The Australian Marketing Institute’s May webinar, ‘Internal marketing’, presented two case studies of internal marketing success, one which saved an Australian icon from oblivion and another that brought discipline and focus to a fragmented, uncoordinated recruitment operation.
The AMI webinar series is conducted through the online technology of Premier Global Services, which sponsors these professional development events. Members can participate in webinars from their home or work computer from any location in the world via the Internet and a standard telephone voice line.
The first presenter was Maree Howard, head of HR, product manufacturing, AMP Financial Services (AFS), who told of how the company had recovered from a near-death experience that began in 2002. Its biggest business had breached its minimum regulatory solvency level, precipating a public crisis that quickly cost the jobs of the CEO, most of the senior management, the chairman, most of the board, and 500 employees.
“It was really quite a bewildering time for the employees,” Howard said. “AMP was still basking in the glow from the Olympics and they still thought everything was great. All the messages that had been given to them by senior management was that we were a company with a grand vision for global expansion.
“The organisation had to change very quickly and the existing culture that we had just wasn’t going to help the process. The new senior management team was passionate about tackling really deep-seated cultural issues.”
Howard said AMP quickly had to become a nimble and commercial organisation. This started with job and cost cutting, and then moved into remaking the culture. “We got through this period largely thanks to our senior leaders displaying absolute passion and commitment and integrity for our company, and they took the rest of us with them for the ride,” Howard said.
AMP realised that its culture was not as performance focused as it needed to be, and that there were several strong internal beliefs that would inhibit the necessary changes. These were:
| Inhibiting belief |
|
Reframed belief |
| Big is safe |
|
High performance is our only security |
Low cost means
low quality |
|
Examples of where this is not so, such as Toyota |
Low performance
is tolerated |
|
There are adverse consequences for low performance and higher performance gets higher rewards |
Risk and control
are boring |
|
Risk management is about business survival
and high performance |
| I need to be involved in everything |
|
I trust those with the accountability |
Howard said that the key message was “only high performance will give us security”. “That was a very confronting message for our employees,” she said. “What it was really talking about was that nobody owes us a living and that our heritage counts for very little on its own.

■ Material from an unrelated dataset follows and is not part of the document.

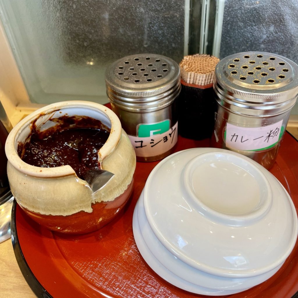 カウンター上にはにはニラ唐辛子も備え付けてあり、こちらも本家では大人気のトッピング。

“It also gave us a very measurable goal for our employees. It allowed us to continually send a message to our staff that we need to raise the bar and that staying as we are, it’s just not an option. We were trying to align our high performers and challenge our low performers, to say ‘Is this still really the right place for you because this organisation is changing’.”
AMP chose a ‘back to basics’ approach to communicate its cultural change. It eschewed the glossy brochures, coffee cups and abseiling-type options and instead relied on the passion and personal integrity of its senior leaders to transmit the messages, consistently and repeatedly.
The message became ‘The AFS story’. “We used story telling as our platform for delivering our message,” Howard said. “It’s quite a personal message, and we made our leaders use their own personal credibility and put their own reputations on the line for the way they delivered the story.
“Our leaders talk about what makes them get up and come to work each morning. Why they are staying with AMP. What do they see the future actually holding. The beauty of it was that it allowed the message to be personalised in a way from that leader and not as some glossy corporate message that was delivered without adequate content.”
Reinforcing the new messages
The AFS Story was launched at “town hall sessions”, where the managing director talked about his belief in and passion for AMP and what could be achieved. Leaders in each part of the business supported and emphasised the core messages, making all employees think about how they could align with the new AMP.
To reinforce the new cultural messages, AMP moved quickly to make changes to its structure, which was highly symbolic within AMP. “We moved our business to bring accountability closer to the individual, and not just held at a senior level,” Howard said. “We tried to engage everybody into the new vision for the business.”
AMP also reset the levers of its performance management systems. Misaligned benefits and handouts that sent the wrong messages were eliminated to get people thinking the new way. “We wanted to send the message that high performers in AMP will receive higher awards,” Howard said. “We clearly focused on how people achieve the goals within their business line and their business strategy.”
Howard said that one of the important lessons AMP learnt was that for messages to produce sustainable change, they had to be repeated continuously. “We repeat them on a number of levels and using a number of mediums,” she said, from the managing director through to the local team leader.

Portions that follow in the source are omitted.